• [Exercise inputs]:
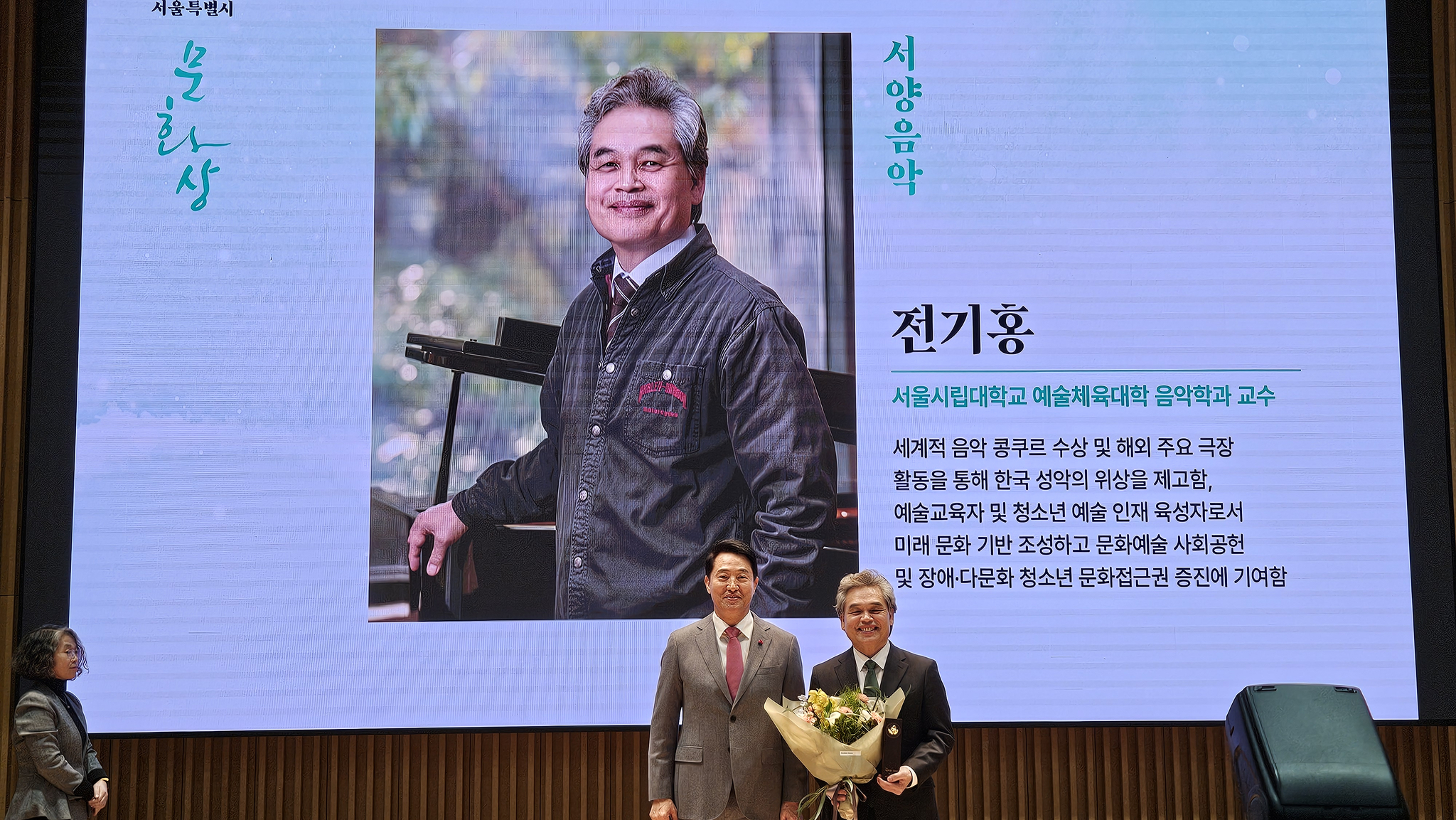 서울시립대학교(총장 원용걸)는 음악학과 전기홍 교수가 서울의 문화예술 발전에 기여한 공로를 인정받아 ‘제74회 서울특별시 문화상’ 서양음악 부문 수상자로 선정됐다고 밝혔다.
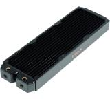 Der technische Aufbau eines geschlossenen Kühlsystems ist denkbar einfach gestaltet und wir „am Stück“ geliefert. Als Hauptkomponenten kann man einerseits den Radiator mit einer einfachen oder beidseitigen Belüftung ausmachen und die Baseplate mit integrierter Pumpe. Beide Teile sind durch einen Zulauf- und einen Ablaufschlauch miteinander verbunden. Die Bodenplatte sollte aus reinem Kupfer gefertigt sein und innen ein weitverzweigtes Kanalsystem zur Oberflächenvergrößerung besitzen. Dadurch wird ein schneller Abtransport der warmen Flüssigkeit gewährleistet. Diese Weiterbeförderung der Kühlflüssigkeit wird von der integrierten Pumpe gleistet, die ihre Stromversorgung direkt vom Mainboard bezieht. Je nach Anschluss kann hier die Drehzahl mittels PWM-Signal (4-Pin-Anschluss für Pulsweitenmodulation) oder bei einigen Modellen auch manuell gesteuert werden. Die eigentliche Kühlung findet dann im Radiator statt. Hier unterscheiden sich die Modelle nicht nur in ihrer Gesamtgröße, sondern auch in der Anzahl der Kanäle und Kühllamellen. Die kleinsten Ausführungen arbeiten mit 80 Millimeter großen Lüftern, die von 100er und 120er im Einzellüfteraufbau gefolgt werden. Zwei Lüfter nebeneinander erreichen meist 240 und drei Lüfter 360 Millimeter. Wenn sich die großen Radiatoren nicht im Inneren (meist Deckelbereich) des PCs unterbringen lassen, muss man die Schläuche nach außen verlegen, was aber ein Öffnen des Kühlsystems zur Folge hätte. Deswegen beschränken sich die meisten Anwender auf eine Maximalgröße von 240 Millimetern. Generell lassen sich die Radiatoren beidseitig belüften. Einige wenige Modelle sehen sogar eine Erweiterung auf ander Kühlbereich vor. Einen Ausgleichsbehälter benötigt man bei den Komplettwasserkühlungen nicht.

...

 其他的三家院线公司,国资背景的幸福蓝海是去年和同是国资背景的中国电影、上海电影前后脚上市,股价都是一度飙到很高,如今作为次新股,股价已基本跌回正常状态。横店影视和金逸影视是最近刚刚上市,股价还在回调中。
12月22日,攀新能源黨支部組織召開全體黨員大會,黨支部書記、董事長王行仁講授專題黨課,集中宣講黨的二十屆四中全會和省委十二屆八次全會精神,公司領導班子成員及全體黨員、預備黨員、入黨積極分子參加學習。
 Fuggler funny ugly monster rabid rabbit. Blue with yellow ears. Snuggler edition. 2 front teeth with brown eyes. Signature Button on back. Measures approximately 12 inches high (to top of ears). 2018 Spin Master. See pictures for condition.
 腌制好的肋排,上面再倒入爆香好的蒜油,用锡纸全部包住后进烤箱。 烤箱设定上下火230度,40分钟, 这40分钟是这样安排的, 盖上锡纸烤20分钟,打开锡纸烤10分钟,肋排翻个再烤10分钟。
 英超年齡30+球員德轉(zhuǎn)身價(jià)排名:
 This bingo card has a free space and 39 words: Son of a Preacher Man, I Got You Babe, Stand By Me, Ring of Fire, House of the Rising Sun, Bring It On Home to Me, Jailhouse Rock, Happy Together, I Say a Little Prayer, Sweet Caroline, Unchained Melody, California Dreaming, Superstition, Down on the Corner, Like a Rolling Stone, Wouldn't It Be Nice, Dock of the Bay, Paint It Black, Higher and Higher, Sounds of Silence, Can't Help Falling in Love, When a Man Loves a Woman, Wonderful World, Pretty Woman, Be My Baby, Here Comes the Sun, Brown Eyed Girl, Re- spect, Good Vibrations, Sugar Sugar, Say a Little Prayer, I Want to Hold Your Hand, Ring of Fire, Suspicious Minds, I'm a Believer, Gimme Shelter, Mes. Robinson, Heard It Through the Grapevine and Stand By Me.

==

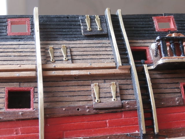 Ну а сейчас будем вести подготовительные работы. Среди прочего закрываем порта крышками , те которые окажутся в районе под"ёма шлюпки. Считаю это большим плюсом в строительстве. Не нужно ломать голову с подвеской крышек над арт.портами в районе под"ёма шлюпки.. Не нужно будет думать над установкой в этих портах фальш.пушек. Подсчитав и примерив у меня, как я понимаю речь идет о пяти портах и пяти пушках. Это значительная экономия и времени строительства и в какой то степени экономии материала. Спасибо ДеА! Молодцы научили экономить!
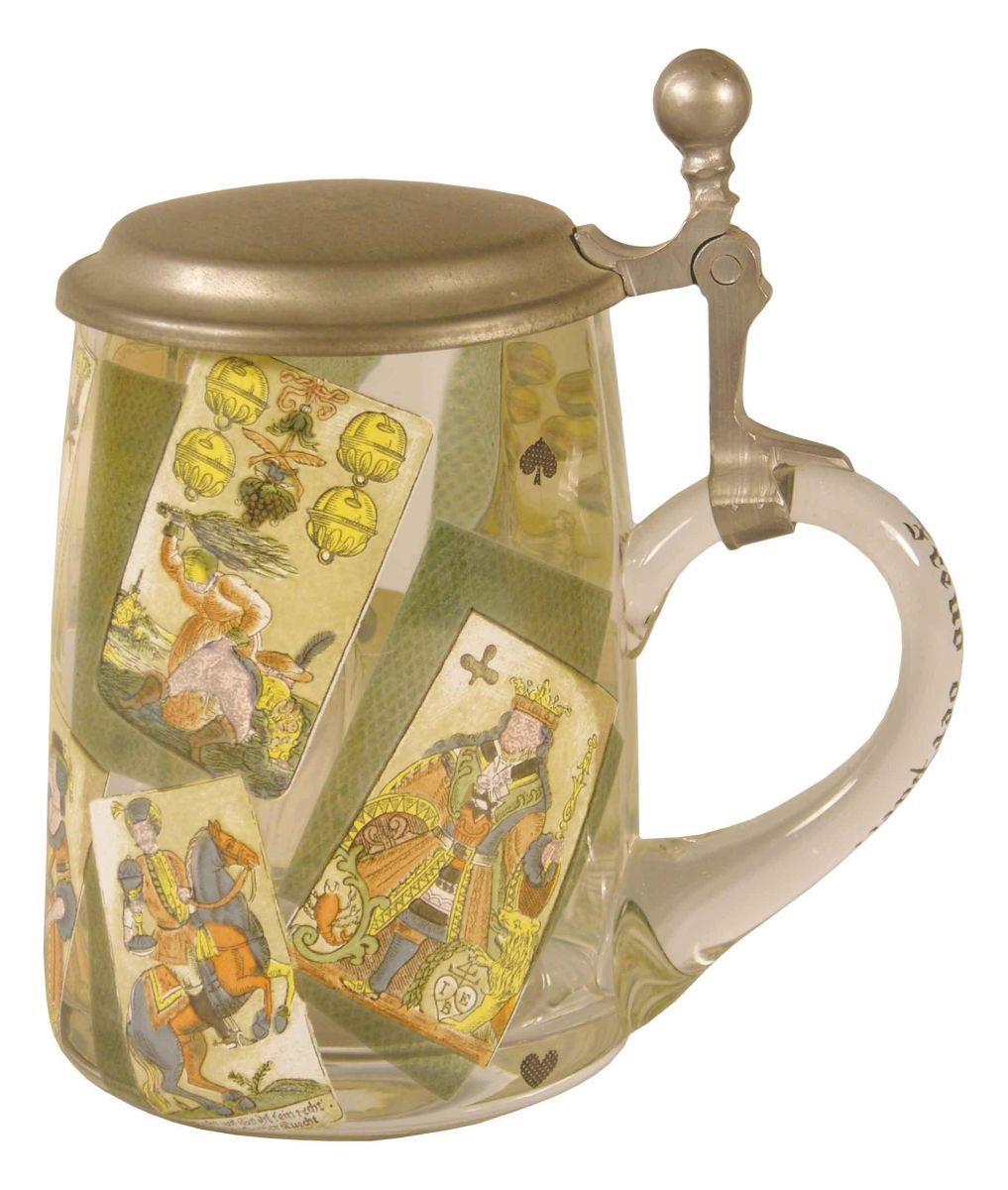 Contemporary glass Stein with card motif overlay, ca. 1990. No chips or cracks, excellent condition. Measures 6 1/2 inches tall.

• [Activity]: Using the material above, reproduce only the lines that run from the line with "Ну а сейчас" up to and including the line with "Contemporary glass Stein", exactly, with the pictures dropped.

• [Expected answer]:
 Ну а сейчас будем вести подготовительные работы. Среди прочего закрываем порта крышками , те которые окажутся в районе под"ёма шлюпки. Считаю это большим плюсом в строительстве. Не нужно ломать голову с подвеской крышек над арт.портами в районе под"ёма шлюпки.. Не нужно будет думать над установкой в этих портах фальш.пушек. Подсчитав и примерив у меня, как я понимаю речь идет о пяти портах и пяти пушках. Это значительная экономия и времени строительства и в какой то степени экономии материала. Спасибо ДеА! Молодцы научили экономить!
 Contemporary glass Stein with card motif overlay, ca. 1990. No chips or cracks, excellent condition. Measures 6 1/2 inches tall.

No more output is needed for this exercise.